[Assignment]: Starting at the top of the records below, write out each line exactly as it stands, stopping after the line with "Ss最新金属铆钉坡跟高水台凉"; exclude the pictures.

(Beginning of Data supplied)

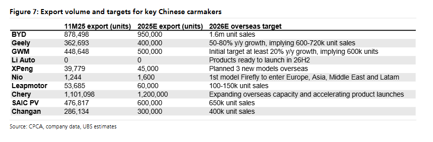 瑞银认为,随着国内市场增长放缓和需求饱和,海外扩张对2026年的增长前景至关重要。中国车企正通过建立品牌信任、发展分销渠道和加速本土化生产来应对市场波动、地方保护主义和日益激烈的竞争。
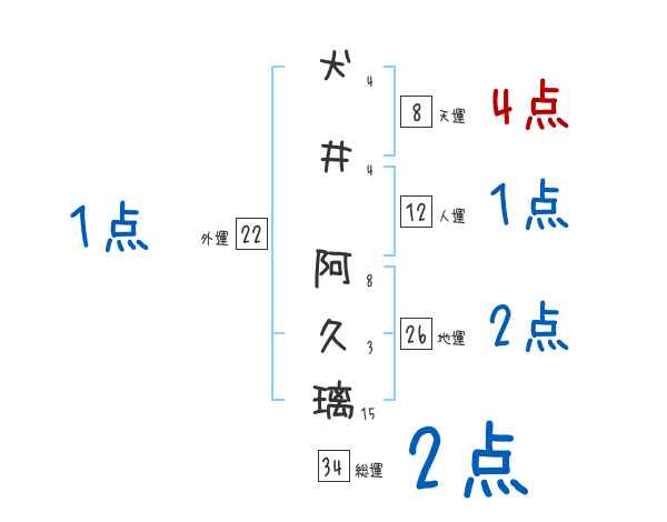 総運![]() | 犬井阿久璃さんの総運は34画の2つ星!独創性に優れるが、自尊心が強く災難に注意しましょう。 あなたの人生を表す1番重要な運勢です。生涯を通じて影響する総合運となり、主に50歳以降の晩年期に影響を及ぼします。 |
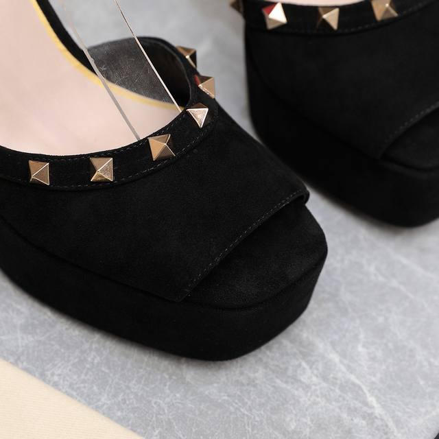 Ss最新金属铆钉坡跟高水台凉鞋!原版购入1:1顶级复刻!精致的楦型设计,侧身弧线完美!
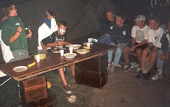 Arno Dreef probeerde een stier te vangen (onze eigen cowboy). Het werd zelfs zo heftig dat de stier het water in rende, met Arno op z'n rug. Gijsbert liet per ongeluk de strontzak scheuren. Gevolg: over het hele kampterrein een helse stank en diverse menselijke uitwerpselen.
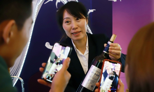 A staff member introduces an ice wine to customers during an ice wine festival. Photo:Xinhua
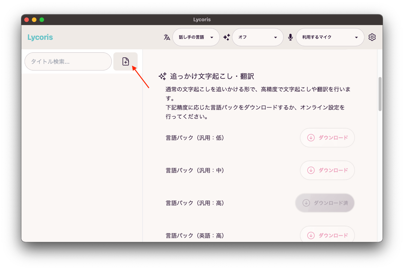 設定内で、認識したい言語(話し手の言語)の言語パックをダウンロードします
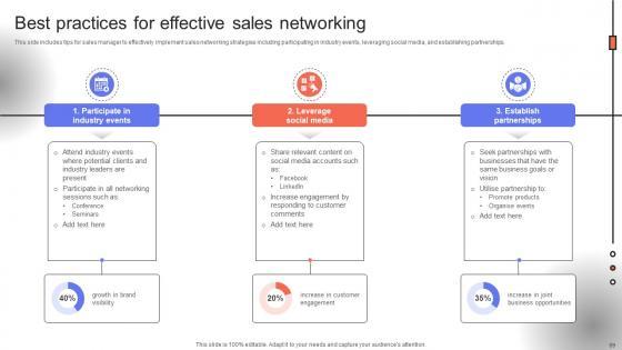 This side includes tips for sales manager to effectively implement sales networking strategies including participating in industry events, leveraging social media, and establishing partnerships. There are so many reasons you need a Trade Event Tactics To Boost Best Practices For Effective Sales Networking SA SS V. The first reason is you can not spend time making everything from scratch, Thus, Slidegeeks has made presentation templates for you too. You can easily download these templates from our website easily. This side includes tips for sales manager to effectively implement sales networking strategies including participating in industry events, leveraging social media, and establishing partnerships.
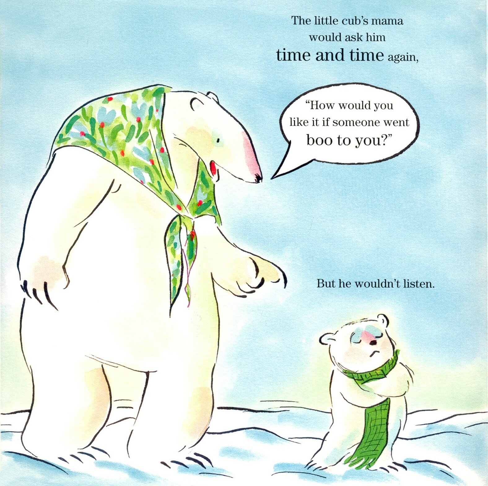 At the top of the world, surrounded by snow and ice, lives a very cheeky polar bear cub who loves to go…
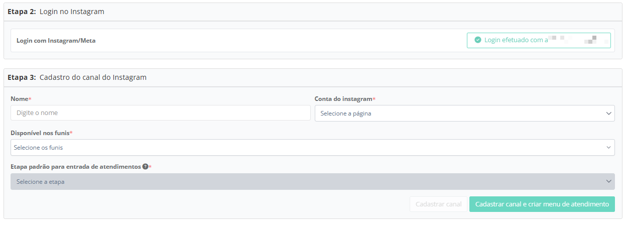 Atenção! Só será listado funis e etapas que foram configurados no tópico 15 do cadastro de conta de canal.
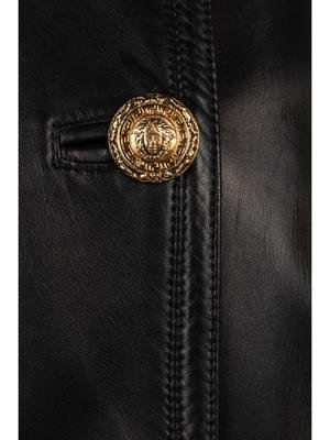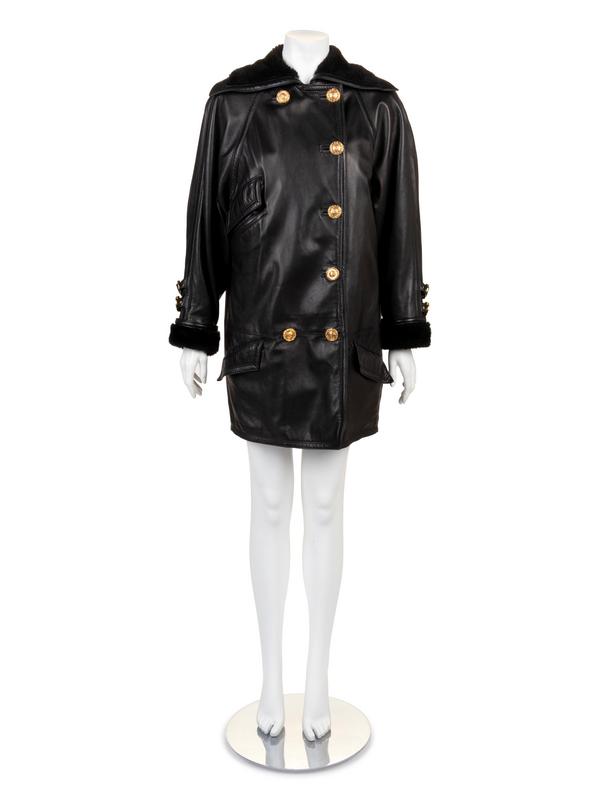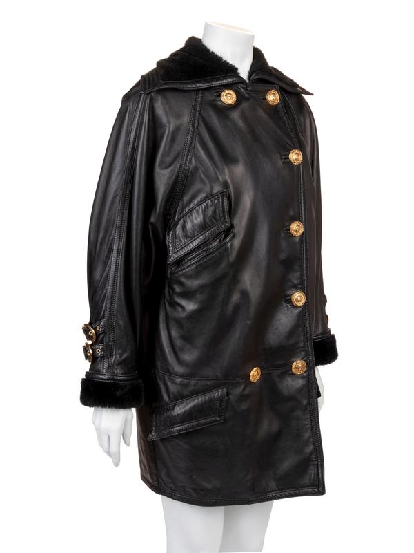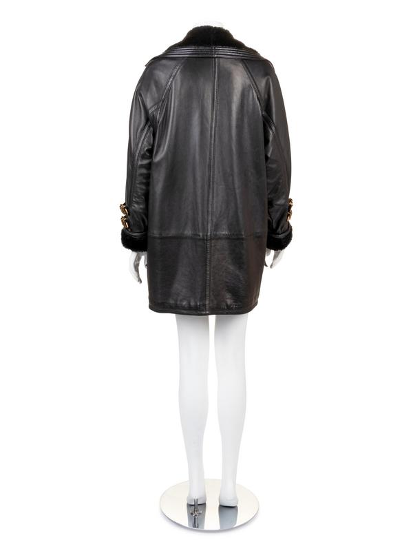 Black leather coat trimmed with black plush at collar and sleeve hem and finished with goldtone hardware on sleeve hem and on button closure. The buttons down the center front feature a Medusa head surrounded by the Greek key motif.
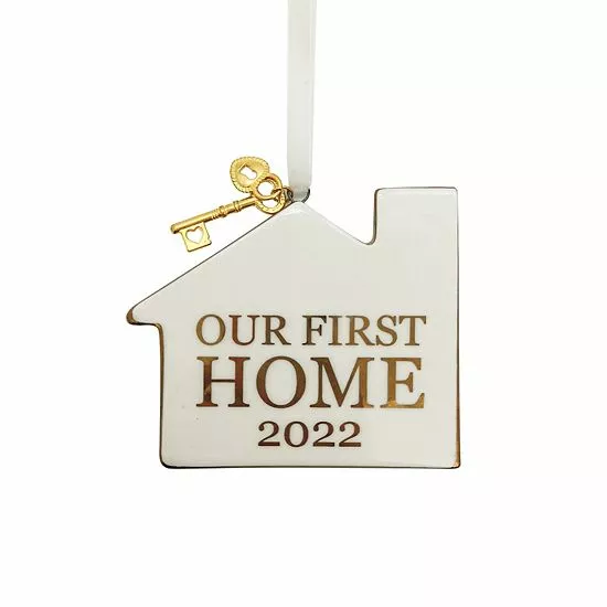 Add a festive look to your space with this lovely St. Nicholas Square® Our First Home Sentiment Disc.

(End of Data supplied)

[Solution]:
 瑞银认为,随着国内市场增长放缓和需求饱和,海外扩张对2026年的增长前景至关重要。中国车企正通过建立品牌信任、发展分销渠道和加速本土化生产来应对市场波动、地方保护主义和日益激烈的竞争。
 総運![]() | 犬井阿久璃さんの総運は34画の2つ星!独創性に優れるが、自尊心が強く災難に注意しましょう。 あなたの人生を表す1番重要な運勢です。生涯を通じて影響する総合運となり、主に50歳以降の晩年期に影響を及ぼします。 |
 Ss最新金属铆钉坡跟高水台凉鞋!原版购入1:1顶级复刻!精致的楦型设计,侧身弧线完美!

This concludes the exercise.